=== Exercise objective ===
Please copy out all lines of the entries that contain the word "have".

*** Opening Working data ***

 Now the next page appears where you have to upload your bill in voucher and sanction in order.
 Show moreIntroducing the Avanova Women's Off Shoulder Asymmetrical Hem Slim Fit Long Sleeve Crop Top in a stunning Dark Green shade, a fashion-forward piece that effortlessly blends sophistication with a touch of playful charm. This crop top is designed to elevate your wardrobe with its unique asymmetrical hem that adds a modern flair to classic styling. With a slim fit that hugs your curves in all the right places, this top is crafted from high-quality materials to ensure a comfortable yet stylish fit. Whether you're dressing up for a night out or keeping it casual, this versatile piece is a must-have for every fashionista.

*** Closing Working data ***
*** Opening Working data ***

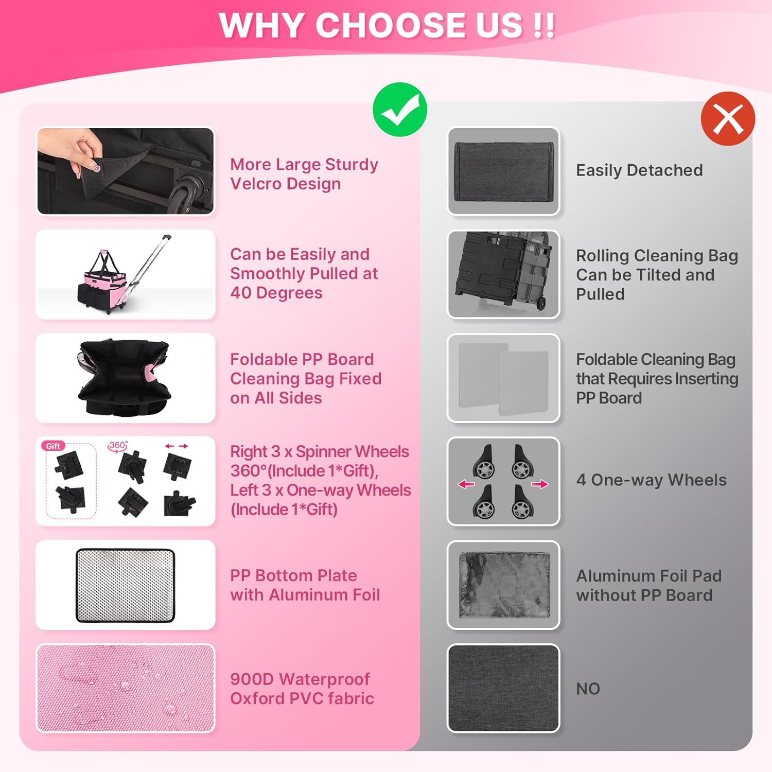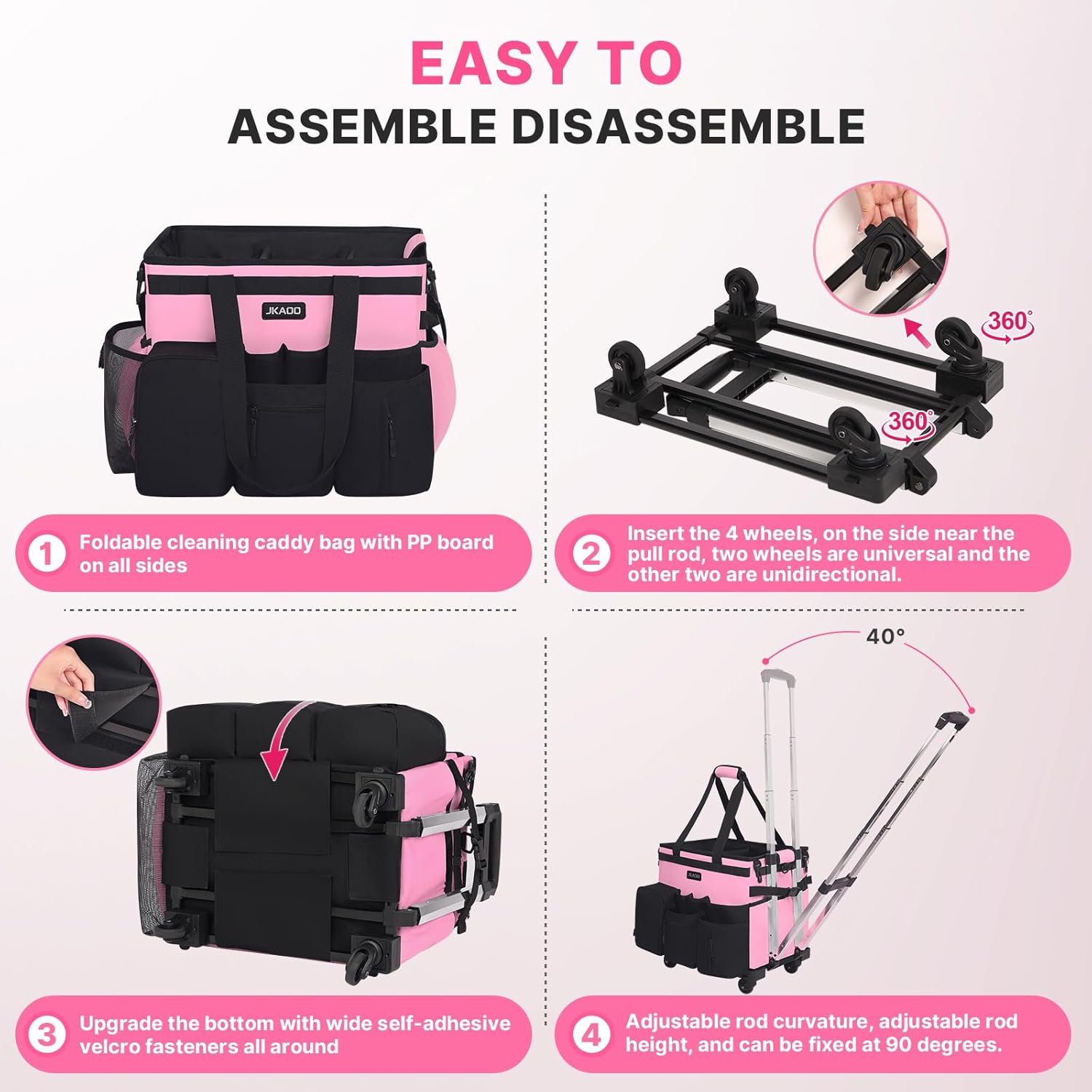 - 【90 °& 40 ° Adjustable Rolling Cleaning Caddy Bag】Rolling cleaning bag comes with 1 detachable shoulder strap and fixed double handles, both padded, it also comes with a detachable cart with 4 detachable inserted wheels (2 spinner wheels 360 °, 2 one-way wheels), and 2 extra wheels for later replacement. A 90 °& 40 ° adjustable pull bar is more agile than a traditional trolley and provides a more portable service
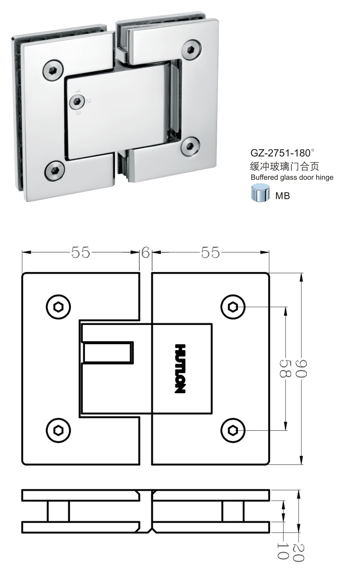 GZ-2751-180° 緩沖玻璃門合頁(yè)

*** Closing Working data ***

=== Exercise output ===
 Now the next page appears where you have to upload your bill in voucher and sanction in order.
 Show moreIntroducing the Avanova Women's Off Shoulder Asymmetrical Hem Slim Fit Long Sleeve Crop Top in a stunning Dark Green shade, a fashion-forward piece that effortlessly blends sophistication with a touch of playful charm. This crop top is designed to elevate your wardrobe with its unique asymmetrical hem that adds a modern flair to classic styling. With a slim fit that hugs your curves in all the right places, this top is crafted from high-quality materials to ensure a comfortable yet stylish fit. Whether you're dressing up for a night out or keeping it casual, this versatile piece is a must-have for every fashionista.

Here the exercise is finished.